I think on reflection you might conclude that nursing school and the profession can be very xenophobic - in certain ways and for lack of a better term - and certain people tend to be left out in the cold for being different

you may already know this but Asperger's in females goes undiagnosed a lot of times . there are some books on this subject - " Asperger's in pink" comes to mind . although i have not read any books on the subject .

although Asperger's is not a diagnostic category anymore and its all classified as ASD . but some of your interests seem quite intense.

good luck with all of this . you seem like you have been lucky diabetes wise . i think when your only basis of comparison is people in the DOC it might not seem that way , but a lot of people dx'd as adolescents don't fair all that well and have a lot of complications 15 or so years in , and certainly can't boast such an uneventful pregnancy .

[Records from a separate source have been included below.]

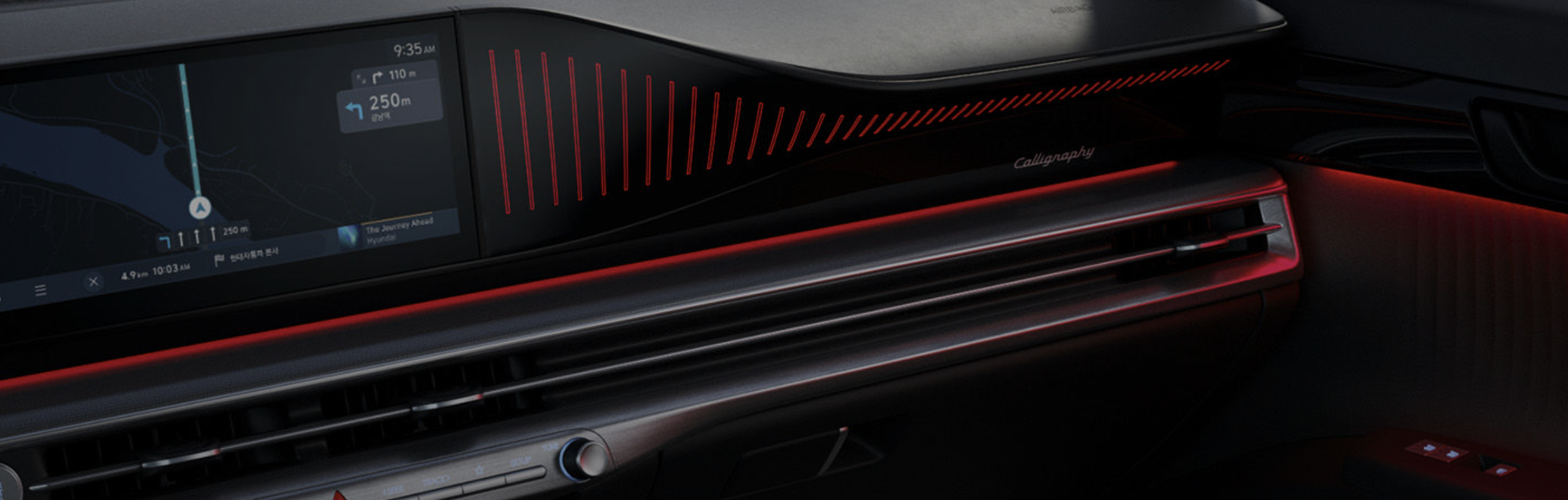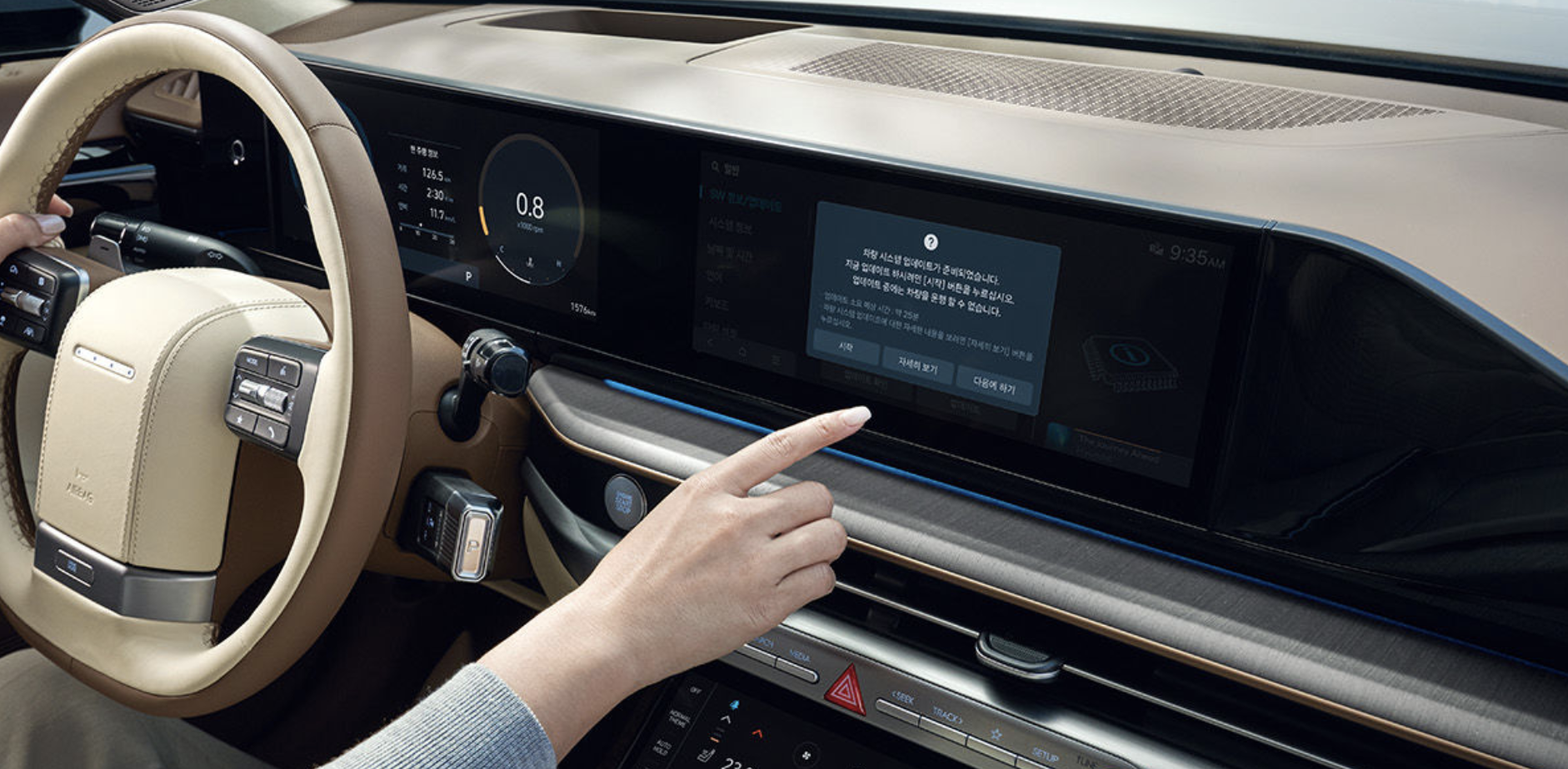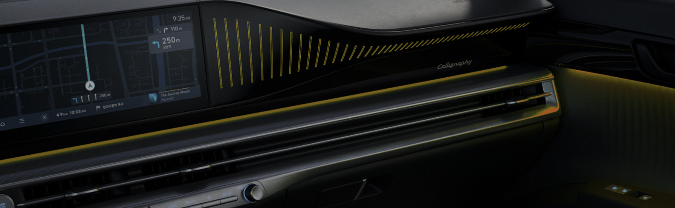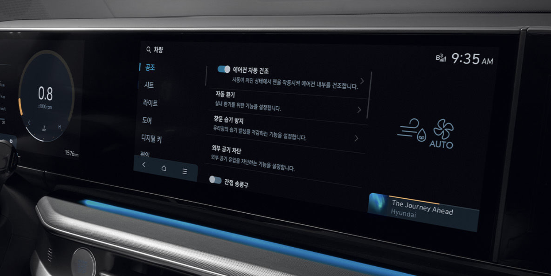 | 현대 차세대 인포테인먼트 시스템 | 파노라믹 디스플레이를 통해 클러스터, 내비게이션, 헤드업 디스플레이 간 일체감 있는 그래픽 테마를 제공하며, 자연어 기반 음성인식, 미디어 스트리밍, 실시간 길 안내 등 다양한 콘텐츠를 효과적으로 제공합니다. 무선 소프트웨어 업데이트를 통해 차량의 전자제어장치를 서비스 센터 방문 없이도 업데이트할 수 있습니다. |
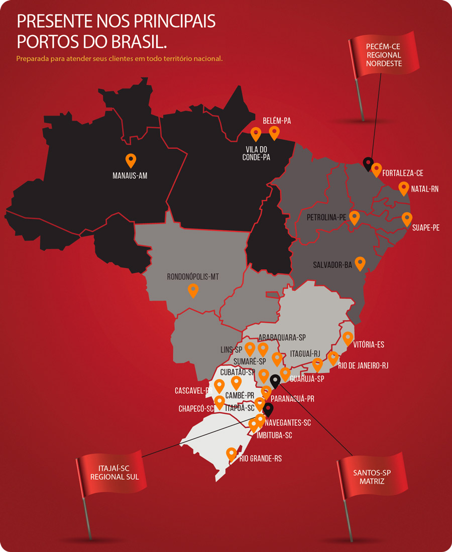 Headquartered in Santos and 26 branches throughout Brazil, we have a technical team of over 400 professionals working in the most diverse types of services.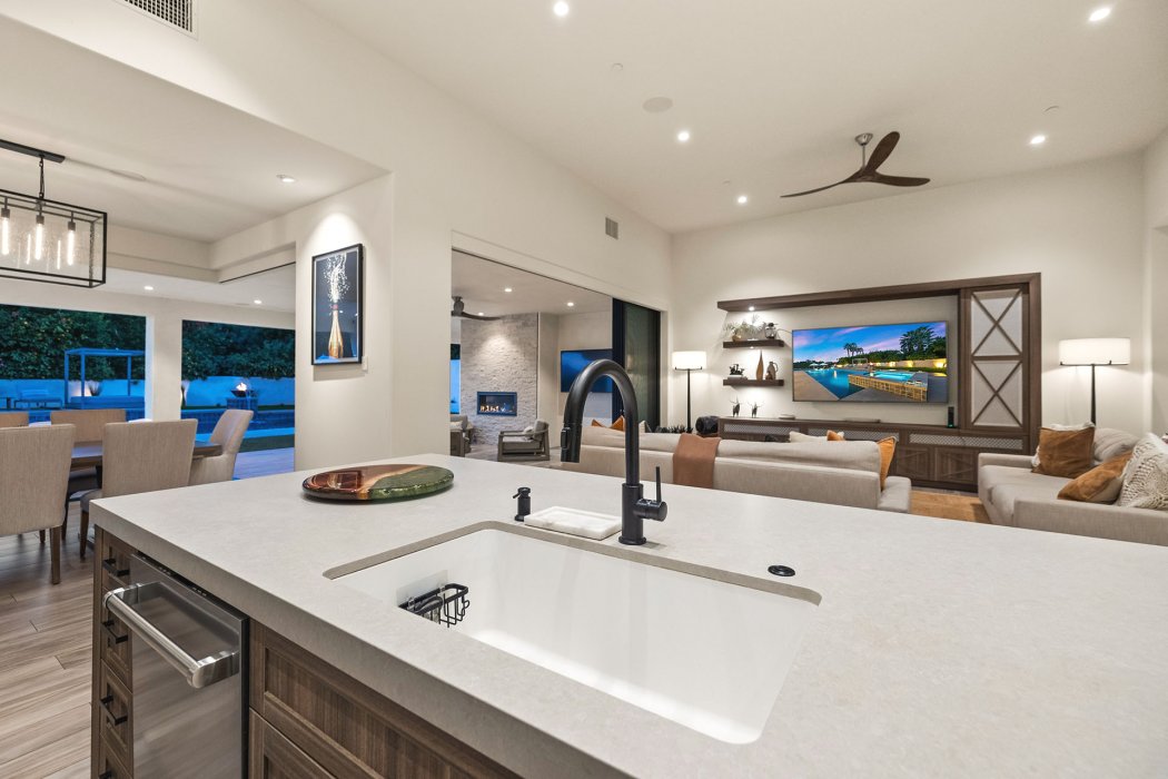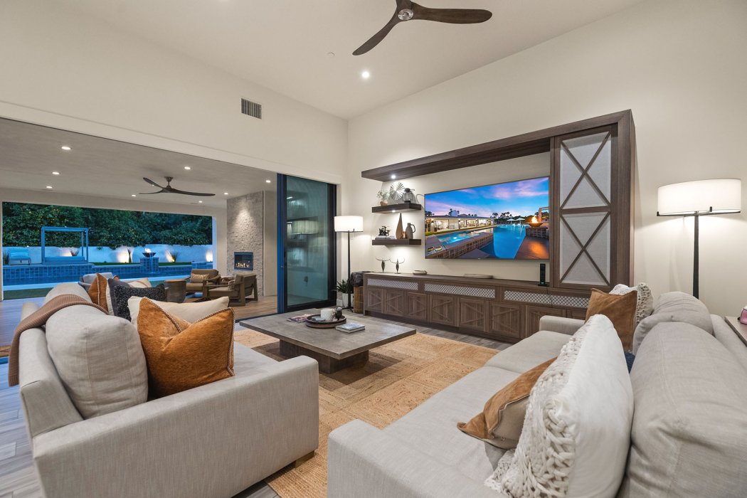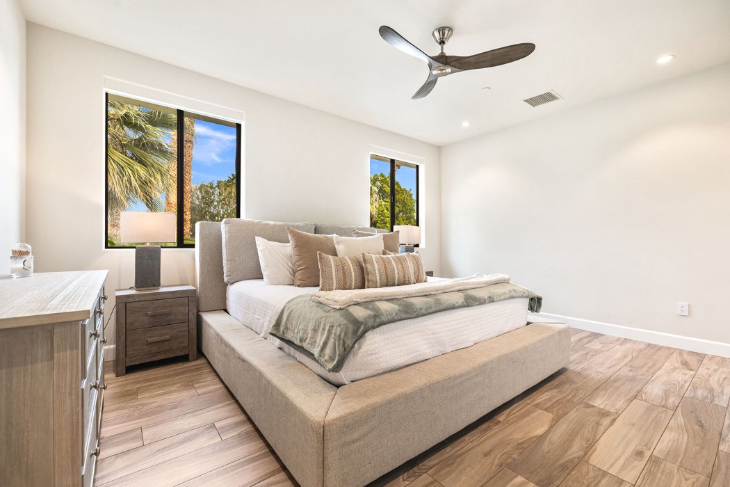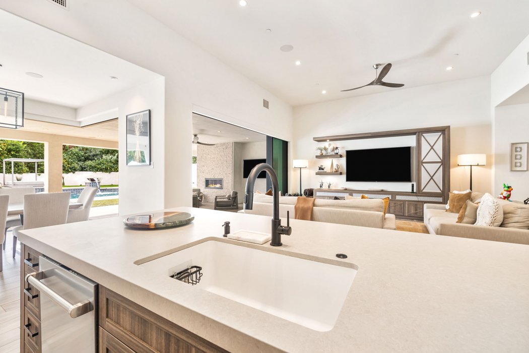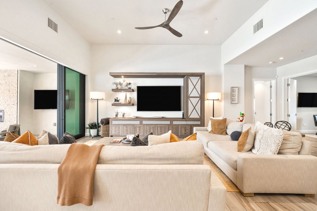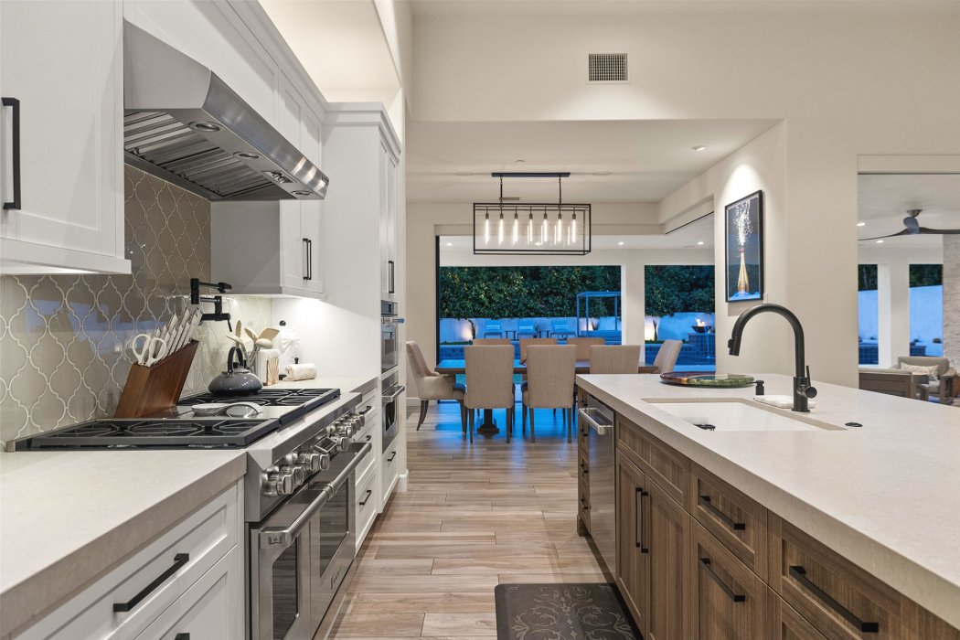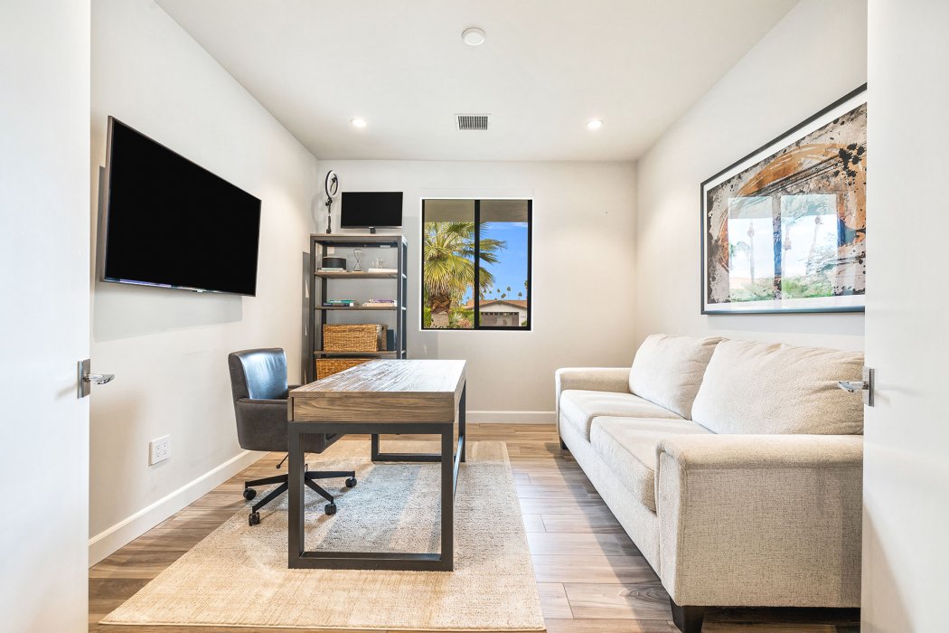 Inside, Pura Vida embodies contemporary luxury with soaring ceilings, modern architectural lines, and expansive south-facing pocket doors that seamlessly blend indoor and outdoor living. The great room features comfortable designer furnishings, a striking fireplace, and a large TV, all framed by desert views. The gourmet chef’s kitchen is outfitted with Wolfe and Asko appliances, a Subzero refrigerator, quartz countertops, and an oversized island with seating for four. A separate wet bar with fridge, a large walk-in butler’s pantry, and the beautiful indoor outdoor dining room with seating for eight makes entertaining effortless.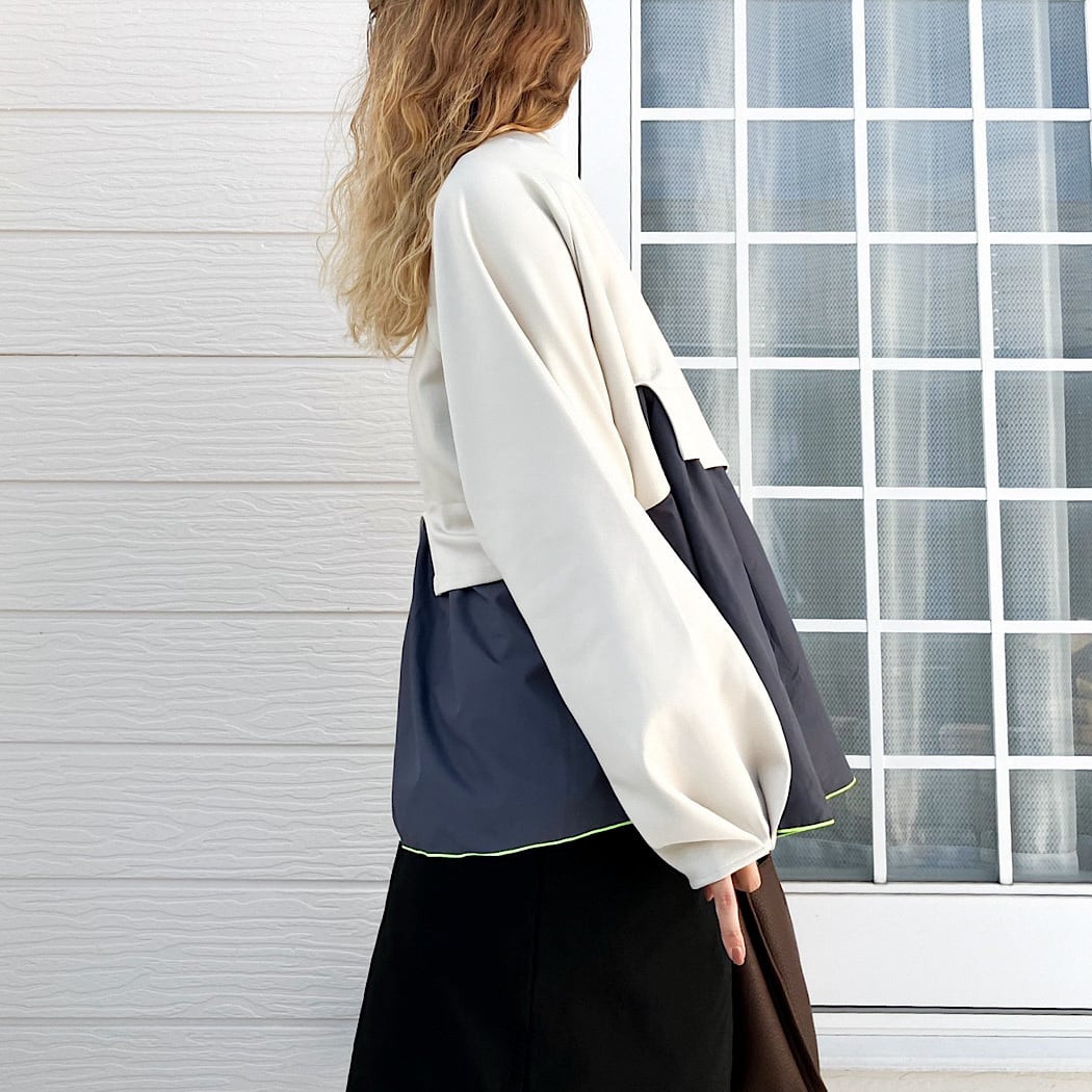 コントラストが効いたバイカラーデザインが印象的な一着。

at the end of the day you are a pretty cool lady . i don't know the whole story behind your nursing journey , but I wish you luck if your decision is to continue down that path. as you may have realized you really have to go along to get along in nursing . and nursing as a profession and academic discipline is a cruel mistress .

Anonymous said...

the little girl in the first pic reminds me of you in terms of appearance

HVS said...

Anonymous, I don't think that I look "like that" per say..and its one individual out of many who have this. This being the Internet,I may come off as a certain way and its not entirely representative of who I am. I really don't think I have autism or Aspbergers but yes I have always been the introverted,prefers little social interaction type. Maybe in some respects I am socially inept,but that has to do with a sheltered childhood(homeschooled all 12 grades) in a very controlled environment. Not that that was a bad thing,but there were (and are)things that I had to learn. Having been homeschooled,there wasn't so much empathesis on "there might be an issue,let's test" more like "they are just delayed,they'll catch up" plus there was no money for testing/special services anyway. As a homeschool kid the only school interaction was once a year when we took standardized testing. I honestly don't know if I have autism (any things possible),as an introverted adult in an extroverted world I do prefer to have a few good friends vs many. Thank you for your input.
My a1cs have been 6.5- 9.3. Not stellar,but not the kind that breed horrible immeadiete complications. I guess there has been some luck involved (or protective genes) because the complication I got certainly could have showed up before now.

Scott K. Johnson said...

Always a sister to me, H. Sending lots of love and hugs.